Der Landtagsvizepräsident Wilfried Klenk (CDU) erklärt, der Vers aus dem Markusevangelium „mit welchem Maß ihr messt, wird man euch wieder messen“, gefalle ihm besonders gut. Mehr ins Persönliche geht dagegen der AfD-Abgeordnete Heinrich Fiechtner. Er fühlt sich von den Worten Hiobs geprägt,„ist meine Haut noch so zerschlagen .... so werde ich doch Gott sehen“. Hans-Ulrich Rülke, der FDP-Fraktionschef seinerseits besinnt sich auf „das Wort als das wichtigste Instrument in der Politik“ und hat Jakobus gewählt „...Es sei aber euer Ja ein Ja und euer Nein ein Nein...“

Nils Schmid (SPD), der eingesteht, dass er als Kind gerne Pfarrer geworden wäre, beschäftigt sich mit der Frage, was Christen Gott und was der weltlichen Herrschaft schulden. Er legt das Zitat aus „Ehrt jedermann,...fürchtet Gott, ehrt den König“.

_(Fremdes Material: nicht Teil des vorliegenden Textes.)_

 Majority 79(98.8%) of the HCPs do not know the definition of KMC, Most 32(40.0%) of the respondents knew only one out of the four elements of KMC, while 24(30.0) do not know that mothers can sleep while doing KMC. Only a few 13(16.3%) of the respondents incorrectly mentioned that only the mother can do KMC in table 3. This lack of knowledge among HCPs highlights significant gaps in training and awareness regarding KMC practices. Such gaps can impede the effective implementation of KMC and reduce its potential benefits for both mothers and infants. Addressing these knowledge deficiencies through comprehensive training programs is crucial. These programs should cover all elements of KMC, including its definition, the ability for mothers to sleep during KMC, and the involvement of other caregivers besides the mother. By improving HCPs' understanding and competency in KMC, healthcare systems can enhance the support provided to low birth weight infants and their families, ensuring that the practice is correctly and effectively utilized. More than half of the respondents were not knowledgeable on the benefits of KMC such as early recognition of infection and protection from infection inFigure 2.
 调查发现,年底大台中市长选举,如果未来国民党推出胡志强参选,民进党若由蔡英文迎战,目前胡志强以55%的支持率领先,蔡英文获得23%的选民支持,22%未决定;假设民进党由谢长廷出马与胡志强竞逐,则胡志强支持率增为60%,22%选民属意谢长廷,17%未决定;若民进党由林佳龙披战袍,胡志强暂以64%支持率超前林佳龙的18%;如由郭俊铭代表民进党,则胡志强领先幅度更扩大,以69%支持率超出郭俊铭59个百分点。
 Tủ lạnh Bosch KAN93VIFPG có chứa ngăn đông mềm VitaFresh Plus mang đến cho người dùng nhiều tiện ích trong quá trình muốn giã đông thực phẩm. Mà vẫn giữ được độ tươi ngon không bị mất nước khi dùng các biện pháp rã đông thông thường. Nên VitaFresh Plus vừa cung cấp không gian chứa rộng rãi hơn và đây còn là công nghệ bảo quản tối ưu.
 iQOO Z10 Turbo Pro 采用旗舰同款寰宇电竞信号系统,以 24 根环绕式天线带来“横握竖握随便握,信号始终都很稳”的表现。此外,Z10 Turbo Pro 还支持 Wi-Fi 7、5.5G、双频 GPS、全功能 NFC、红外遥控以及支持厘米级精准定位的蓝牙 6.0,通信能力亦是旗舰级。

Der Mensch hinter dem Funktionsträger

„Wer die Abgeordnetenbibel liest, kommt den Menschen hinter den politischen Funktionsträgern näher“, findet die Landtagspräsidentin Muhterem Aras. Die Interpretationen zeigten, „was sie bewegt, was ihnen besonders wichtig ist, wie das Wertefundament beschaffen ist, auf dem sie handeln.“ Außerdem rege die Bibel dazu an, „ stets neu nach den Werten und Normen zu fragen, die uns prägen“.

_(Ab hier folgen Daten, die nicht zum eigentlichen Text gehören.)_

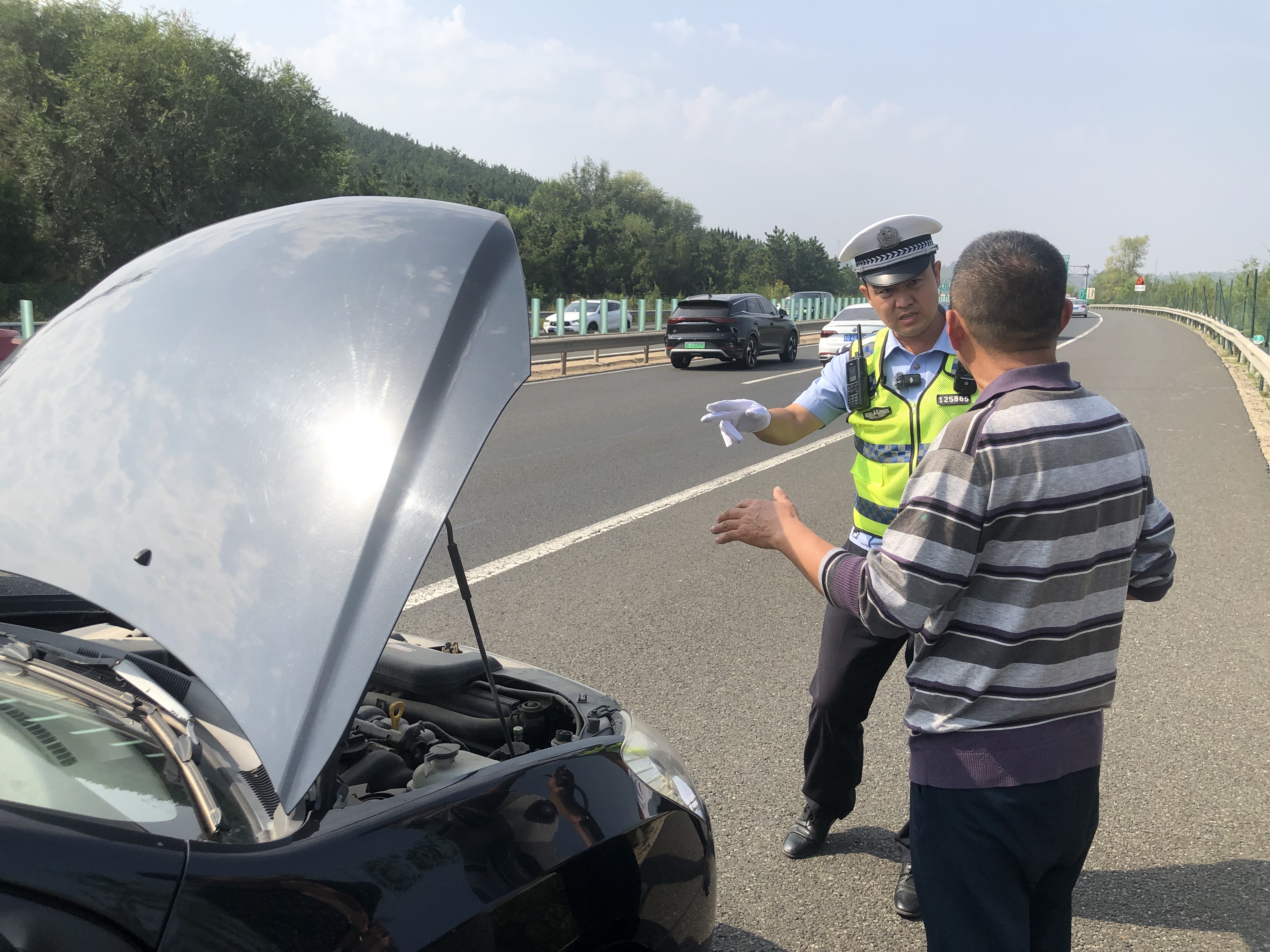 100多米外,一辆黑色轿车瘫在应急车道上。车主吴先生焦急地说:“车坏了,突然挂不上挡了。”张相英上车尝试后,一边安抚车主,一边协调拖车救援——这只是他在岗期间处理的众多突发状况之一。
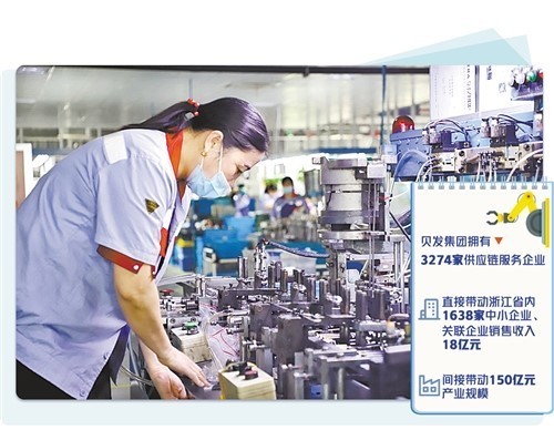 位于浙江省寧波市的貝發(fā)集團(tuán)以制筆起家,是目前國內(nèi)文具行業(yè)的龍頭企業(yè)。貝發(fā)集團(tuán)整合產(chǎn)業(yè)鏈、供應(yīng)鏈,形成“一支筆、一條鏈、一個(gè)平臺”的創(chuàng)新發(fā)展戰(zhàn)略。如今,貝發(fā)集團(tuán)擁有3274家供應(yīng)鏈服務(wù)企業(yè),直接帶動浙江省內(nèi)1638家中小企業(yè)、關(guān)聯(lián)企業(yè)銷售收入18億元,間接帶動150億元產(chǎn)業(yè)規(guī)模,新增產(chǎn)業(yè)鏈就業(yè)崗位1萬個(gè)以上。
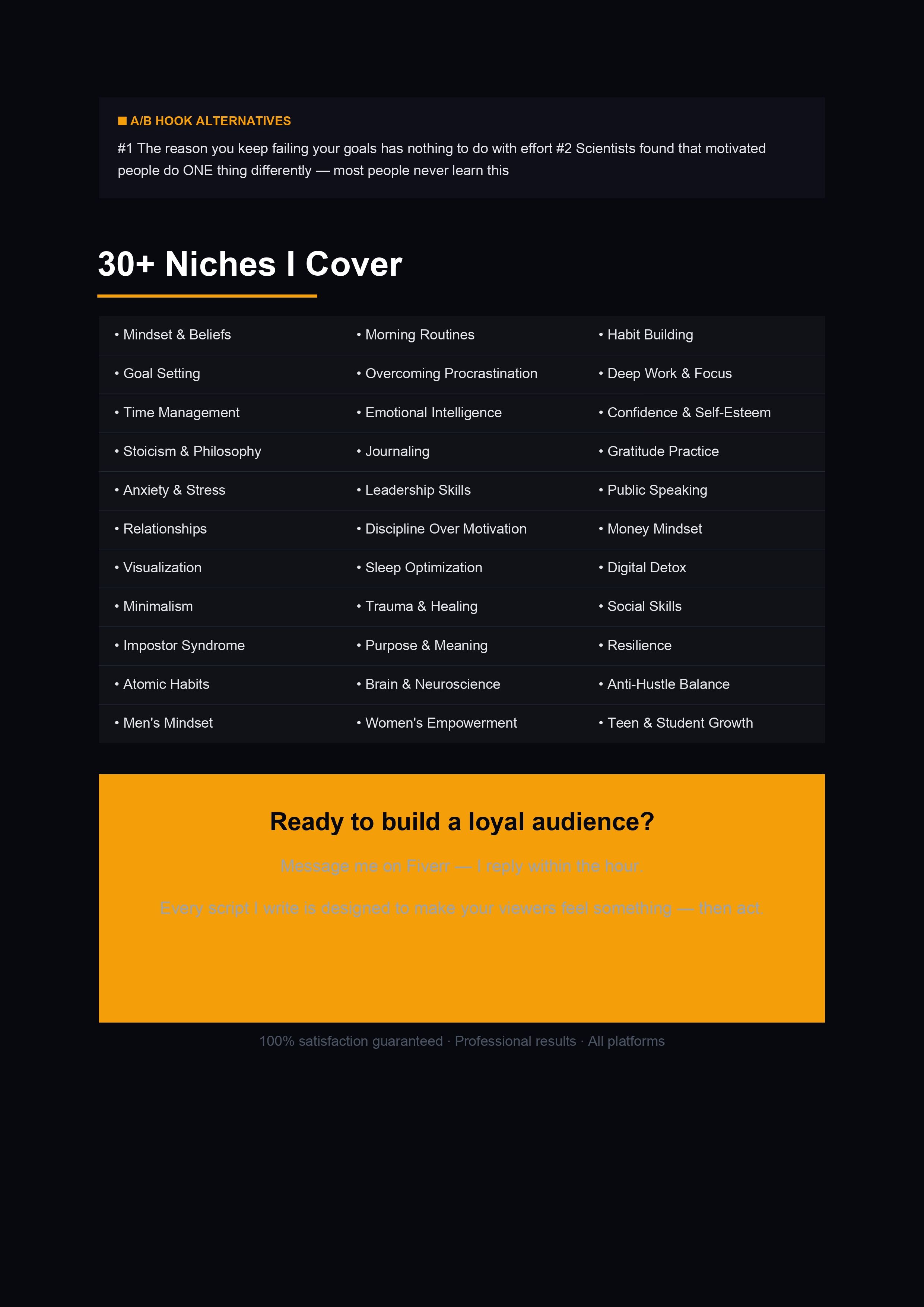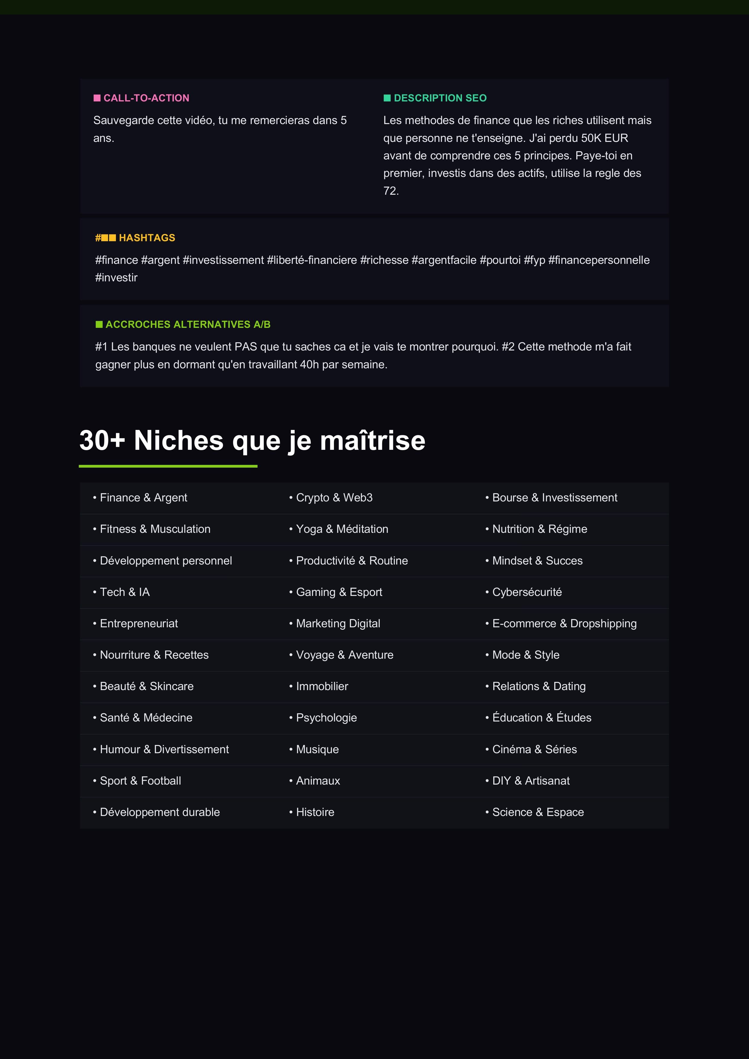 Niches (30+) Finance, fitness, tech, voyage, beauté, business, mindset… et plus (tu me donnes ta niche, je m’adapte).
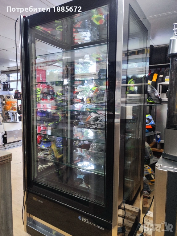Витрината ISA Cristal Tower е идеалното решение за тези, които, макар и да не желаят да жертват висококачественото охлаждане и съхранение на продуктите, обичат дизайна и елегантността и искат да покажат своите творения с пълния им потенциал. Витрината ISA Cristal Tower, с изцяло стъкленото си отделение за показване, предлага максимална видимост на продуктите от всичките четири страни. Хладилната ѝ система е оразмерена така, че да осигури адекватно поддържане на температурата дори при чести отваряния. Монолитната ѝ структура, изолирана с екологичен CO2-експандиран полиуретан, има ниско въздействие върху околната среда. Напълно сменяемо закалено двойно остъклено стъкло. Закалена двойно остъклена врата, ситопечат, в една равнина със страните на витрината. Дръжка за отваряне в стандартната версия. Пълен достъп до двигателния отсек както отпред, така и отзад, благодарение на лесното отстраняване на долните панели. Панта на вратата, оборудвана със самозатваряща се торсионна щанга. Двойни въртящи се колелца (две с ръчни спирачки) за лесно движение.

Für Andreas Stoch, den Fraktionschef der SPD ist das Projekt, das es in Baden-Württemberg 2012 zum ersten Mal gab, hilfreich für die Parlamentarier. „Abgeordnete stehen oft vor schwierigen Gewissensentscheidungen. Sie müssen sich ihres Wertegerüsts versichern“. Hans-Ulrich Rülke (FDP) betrachtet die Abgeordnetenbibel als einen „schönen Beitrag, im politischen Alltag zur Besinnung zu kommen und an den kulturellen Konsens zu erinnern“.

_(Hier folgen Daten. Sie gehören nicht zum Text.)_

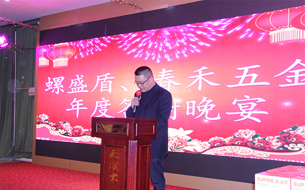 晚上7點(diǎn),年會(huì)正式拉開帷幕,首先由螺盛盾五金科技有限公司齊秀永總經(jīng)理發(fā)表致辭,他說道,過去的2017年,在全體員工的共同努力下,公司各方面工作取得了滿意的成效。在新的一年里,要以市場為導(dǎo)向、以合理的管理為紐帶、提高公司知名度、集中打造螺盛盾品牌形象。面對新的挑戰(zhàn),螺盛盾要上下團(tuán)結(jié)一心,迎接挑戰(zhàn);全體員工要蓄勢待發(fā),開創(chuàng)新局面!

Wolfgang Reinhart (CDU) betont die Bedeutung eines tragfähigen Fundaments und erinnert daran, dass das christliche Menschenbild der Leitgedanke gerade seiner Fraktion sei. Andreas Schwarz (Grüne) findet es interessant, wie sich seine Kollegen in unterschiedlicher Weise dem Thema nähern. Die Motive mitzumachen, waren Schwarz zufolge höchst individuell, doch hätten alle Teilnehmer die Möglichkeit genutzt, „sich fernab vom Alltagsgeschäft mit religiösen Gedanken reflexiv beschäftigen“.

Nachdenkliche Opposition

Als besonders nachdenklich erweisen sich die Abgeordneten von SPD und FDP. Von 19 SPD-Abgeordneten äußern sich 17, von zwölf Liberalen sind neun dabei. Bei der CDU haben sich mehr als drei Viertel der Abgeordneten mit der Auslegung beschäftigt (33 von 42 ). Bei den Grünen waren es 26 von 47. Von den 23 Abgeordneten der AfD fühlten sich nur vier berufen.

Noch ist die Abgeordnetenbibel ein baden-württembergisches Unikat. Doch der Herausgeber Hanno Gerwin aus Karlsruhe hat vor, die Idee auch in Bayern und in Rheinland-Pfalz zu verbreiten.